American Marketer

Events / Causes

Top 1 percent save 37 percent of income: study

January 16, 2014


NEW YORK- Following the recession, luxury consumers became more focused on quality than quantity, said a senior executive at American Express Publishing at Luxury FirstLook: Strategy 2014.

American Express Publishing partnered with the Harrison Group on a study that surveyed American consumers with a household income of at least $125,000, and noticed that there has been a shift from extravagance to fear and anxiety, with luxury consumers being even more discerning in their shopping habits. In order to more effectively reach these consumers, luxury marketers have to understand the emotional state of this segment.

“We started to see in the research that there was this emotional recession starting to happen," said Cara David, senior vice president of corporate marketing and integrated media, American Express Publishing. "Seventy percent of our top five percent were telling us, 'I'm seriously concerned about this growing economic divide.'

"With extravagant spending, we started to see a pullback, they were telling us they wanted to be more stealthy," she said. "People were telling us how worried they were that they could run out of money.

"We saw this immediate change. People became more resourceful, they were telling us that they were looking at every single category to see how they could save.”

Luxury Daily organized Luxury FirstLook: Strategy 2014.

Consumer shift

American Express split the top 5 percent of luxury consumers into five groups based on their spending habits.

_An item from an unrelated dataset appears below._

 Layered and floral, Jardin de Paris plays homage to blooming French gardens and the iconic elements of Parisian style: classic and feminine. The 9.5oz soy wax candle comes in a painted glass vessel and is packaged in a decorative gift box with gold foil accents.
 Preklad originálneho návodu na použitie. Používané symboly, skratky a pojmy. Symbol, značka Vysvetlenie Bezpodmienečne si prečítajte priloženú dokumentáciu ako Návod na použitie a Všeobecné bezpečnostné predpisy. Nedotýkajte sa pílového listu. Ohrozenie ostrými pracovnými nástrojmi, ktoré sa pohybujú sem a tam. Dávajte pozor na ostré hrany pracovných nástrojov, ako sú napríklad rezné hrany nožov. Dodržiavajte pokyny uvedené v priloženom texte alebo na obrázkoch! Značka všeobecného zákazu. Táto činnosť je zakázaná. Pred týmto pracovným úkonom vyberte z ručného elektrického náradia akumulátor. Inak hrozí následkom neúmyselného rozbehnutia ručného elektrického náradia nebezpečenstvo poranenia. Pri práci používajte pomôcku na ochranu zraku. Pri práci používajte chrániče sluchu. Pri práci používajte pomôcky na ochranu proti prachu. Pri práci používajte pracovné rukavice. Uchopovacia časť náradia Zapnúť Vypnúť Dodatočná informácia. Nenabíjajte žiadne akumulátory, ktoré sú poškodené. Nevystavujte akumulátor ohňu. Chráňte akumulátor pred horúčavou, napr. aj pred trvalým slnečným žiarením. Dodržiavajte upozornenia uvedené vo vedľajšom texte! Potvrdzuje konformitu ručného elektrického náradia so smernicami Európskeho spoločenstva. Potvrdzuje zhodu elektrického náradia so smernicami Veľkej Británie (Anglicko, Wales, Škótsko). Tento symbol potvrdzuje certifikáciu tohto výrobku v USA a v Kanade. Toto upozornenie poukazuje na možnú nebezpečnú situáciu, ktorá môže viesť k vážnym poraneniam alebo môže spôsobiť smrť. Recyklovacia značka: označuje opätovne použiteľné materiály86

Two segments, the fabulists and the victors, are the traditional luxury consumers, buying across multiple brands and not at all interested in discounts. These consumers enjoyed their wealth, and wanted people to see how well they were doing through how much they accumulated.

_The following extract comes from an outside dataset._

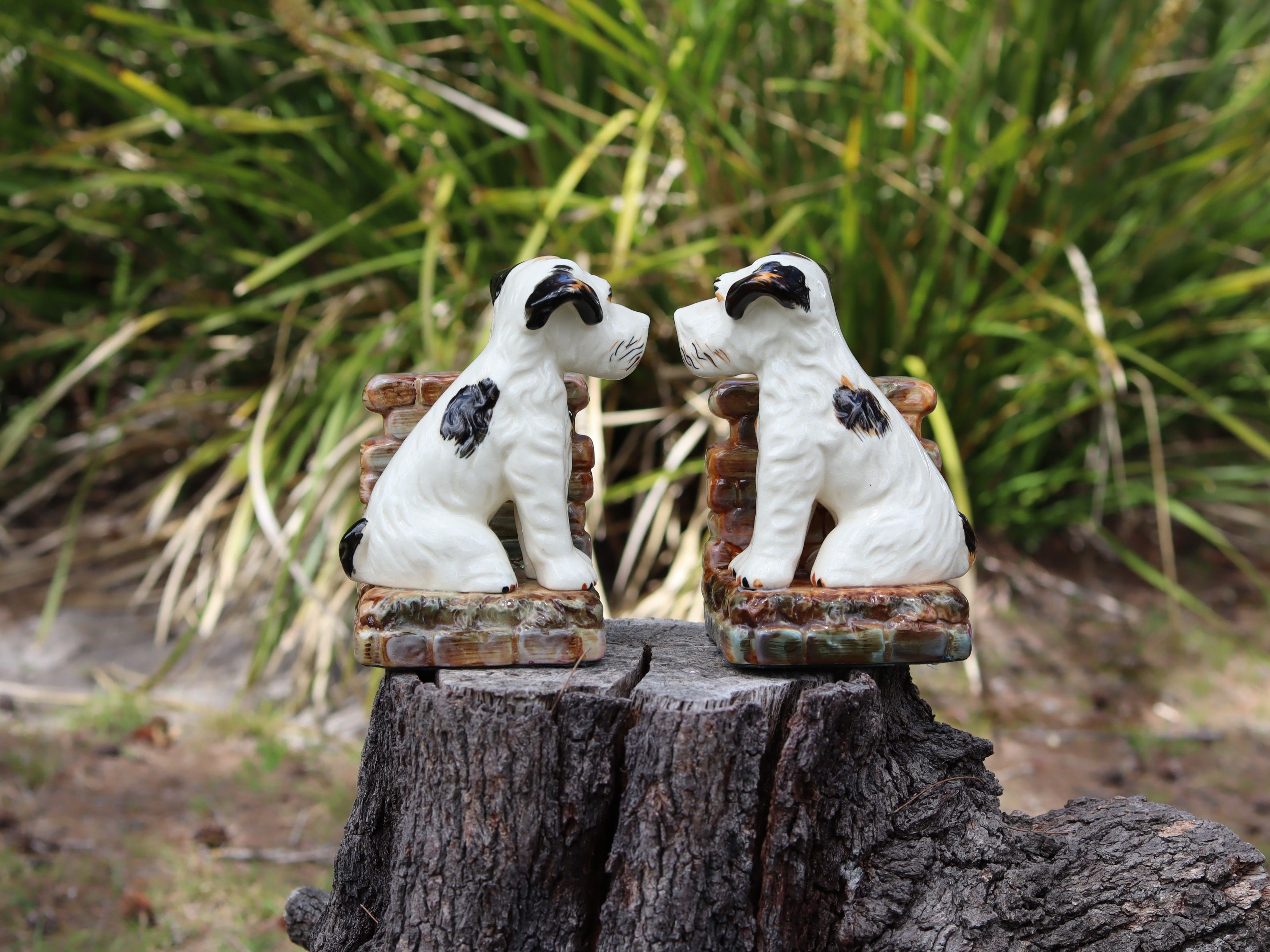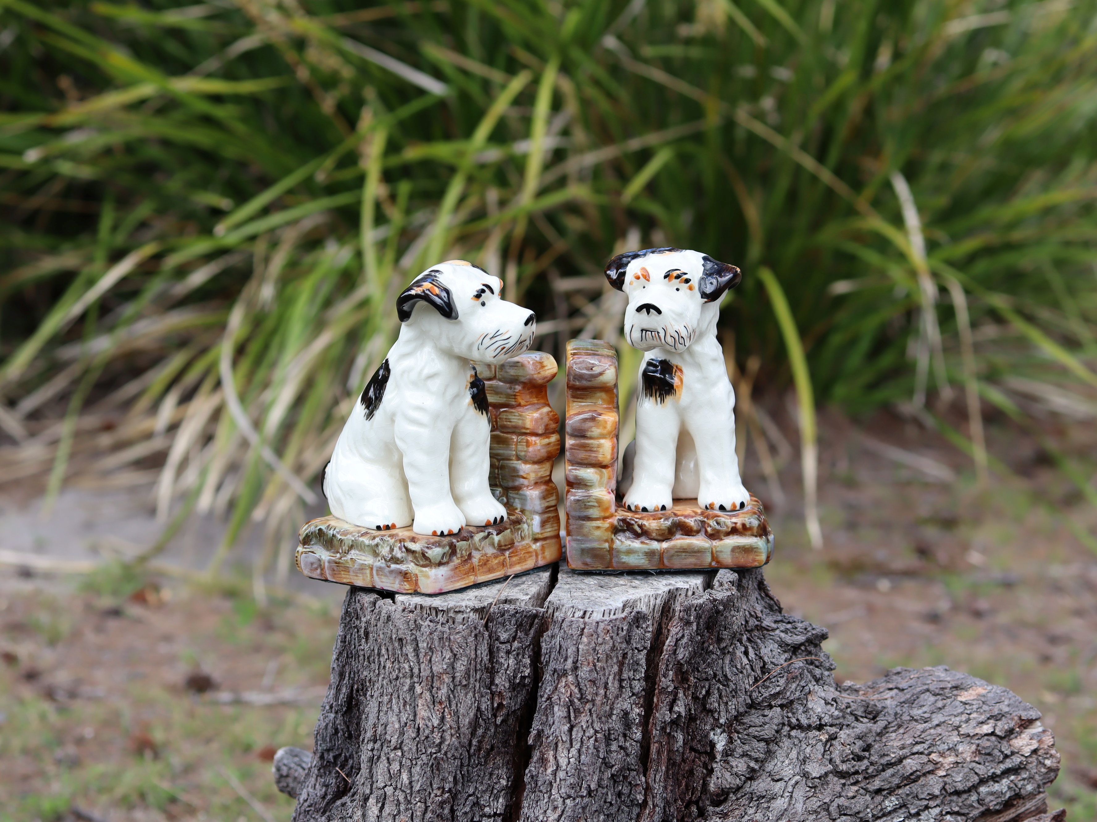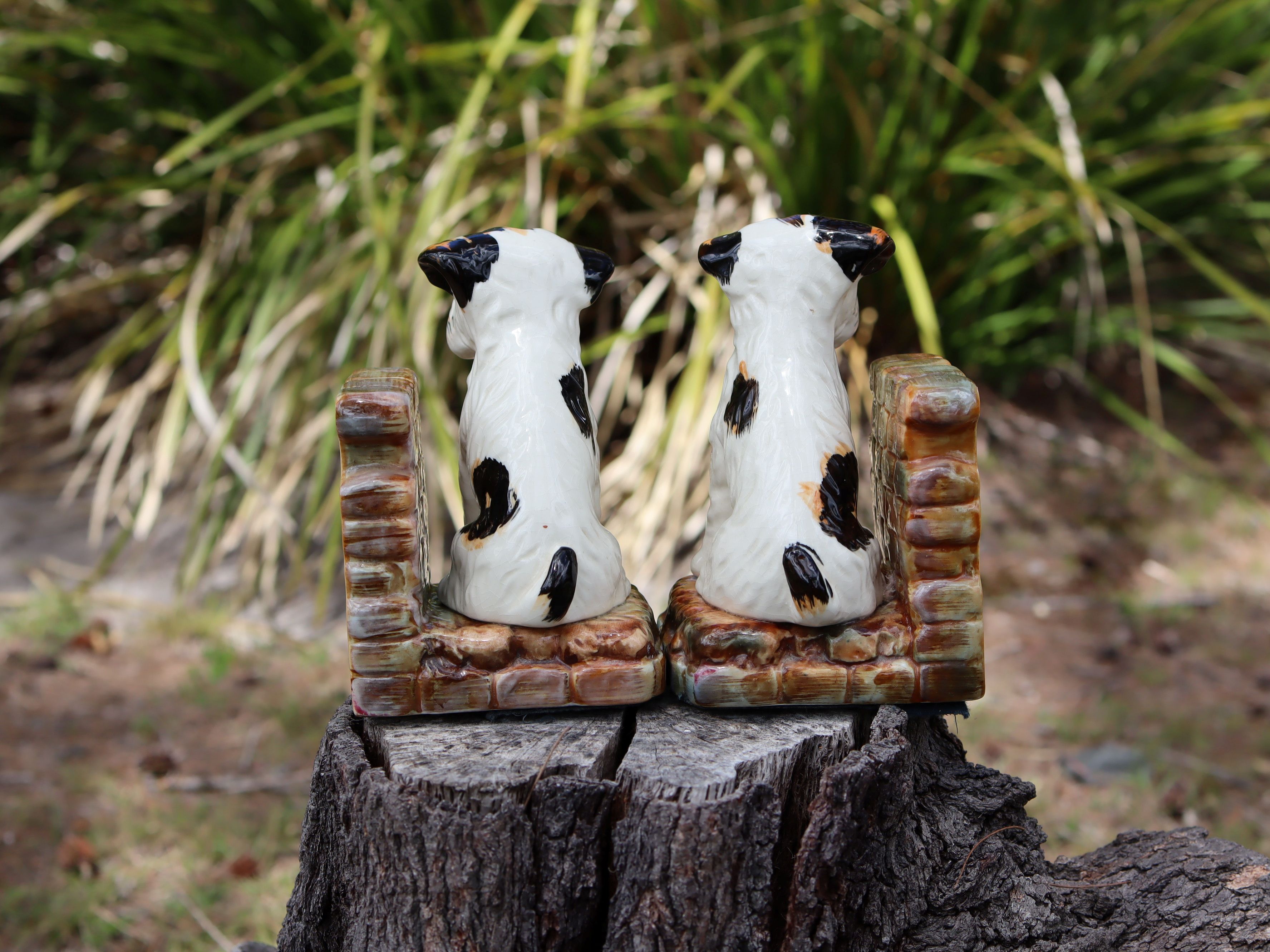 This hand-painted pair of c.1950 bookends features two very cute little puppies, each full of character and charm. They stand 14cm high, with bases approximately 9.5cm × 8.5cm, and weigh around 700g each. Sold as a pair, they are $95 in store and $115 online because of extra postage costs. A cheerful mid-century set that adds warmth and whimsy to any shelf.

The strivers and givers, in comparison, were less affluent, two-income households, and were more cautious with their spending, thinking over purchases before committing. The final group, the skeptics, did not want to be judged on their wealthy, and were not interested in acquiring material luxury goods.

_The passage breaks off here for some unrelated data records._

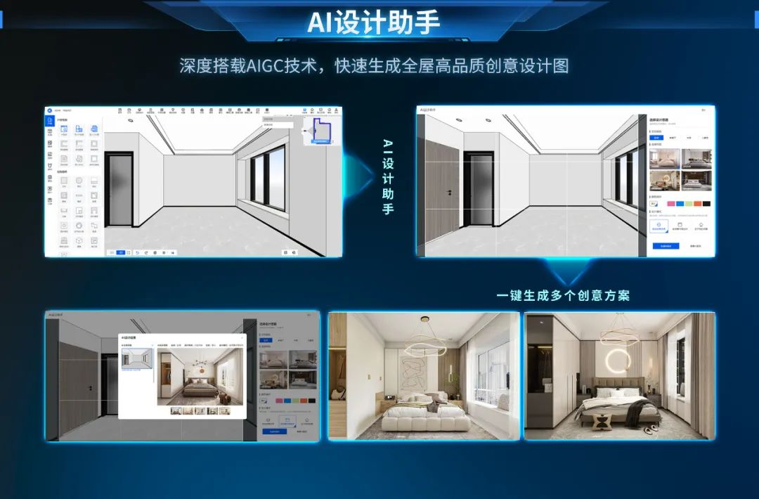 极大提升谈单效率:设计师在与客户初次见面阶段,基于AI设计助手输出的多个不同创意方案,能够迅速明确客户需求,与客户形成高效率沟通,极大提升设计师谈单成功率。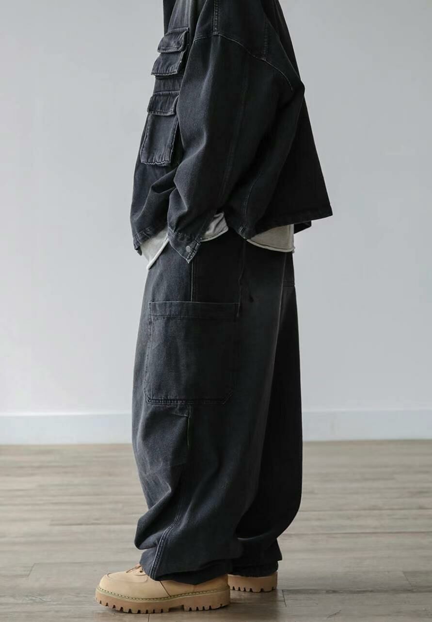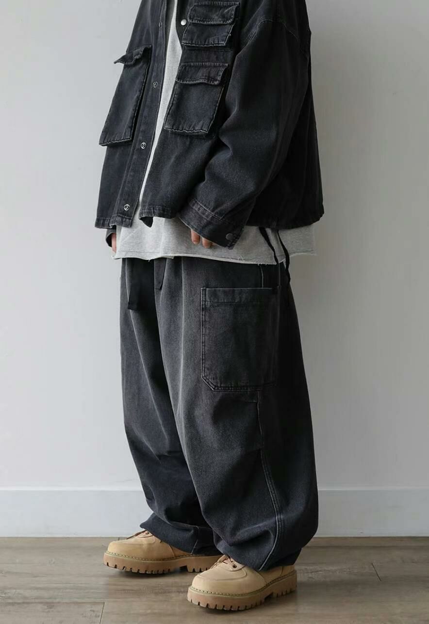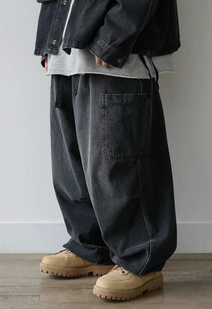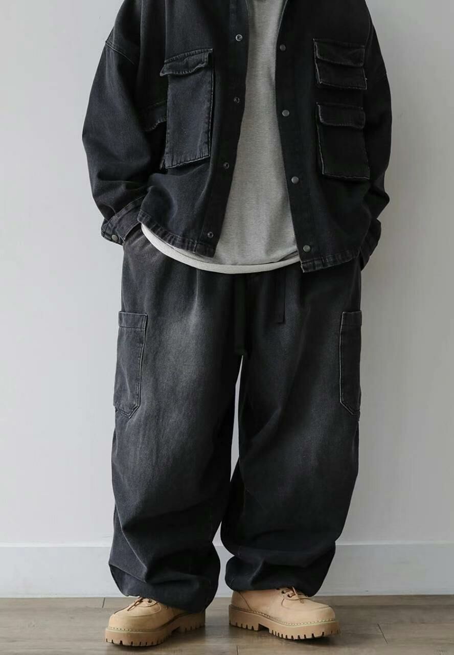 洗水淨色工裝鬆身牛仔褲 FARMERS-038J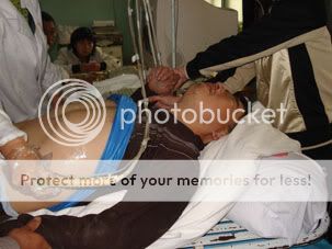 图片:禹城拆迁户张涛被拆迁人员打伤,正在医院急救(志愿者提供)

From 2006 to 2009, the percentage of luxury consumers who fell into the fabulists and victors category has declined from 36 percent to 18 percent.

In 2008, there was a shift, and consumers began to become more resourceful and do research across product categories to see where they could save. From April 2010 to the first quarter of 2013, tablet ownership among luxury consumers rose from 0 to 70 percent, and wealthy individuals now use these devices to manage their finances, taking more control over their assets.

Affluent consumers are using tablets to manage their finances

With their changed fiscal mindset, the top 1 percent now saves 37 percent of their income, with the top 1 percent holding an average of $5,708,000 in savings and investments. This financial responsibility has lead to a rise in feelings of happiness, success and optimism for the future among the top earners.

In 2013, luxury consumers could be grouped into two categories based on purchasing mentality: deal dominant and worth dominant.

The deal dominant consumers are more independent in their shopping habits, always searching for the best price, and circumventing traditional vendors to find a value. Those that fall into the worth dominant are willing to pay more for quality merchandise, since luxury brands are a part of their lifestyle.

Respondents in both of these groups agree that they are now more resourceful and responsible, and across the board the majority of consumers have decided they can get better service from the Internet than a brand representative. Thirty-three percent of those surveyed say they rely less on sales staff or retail representatives now compared with five years ago.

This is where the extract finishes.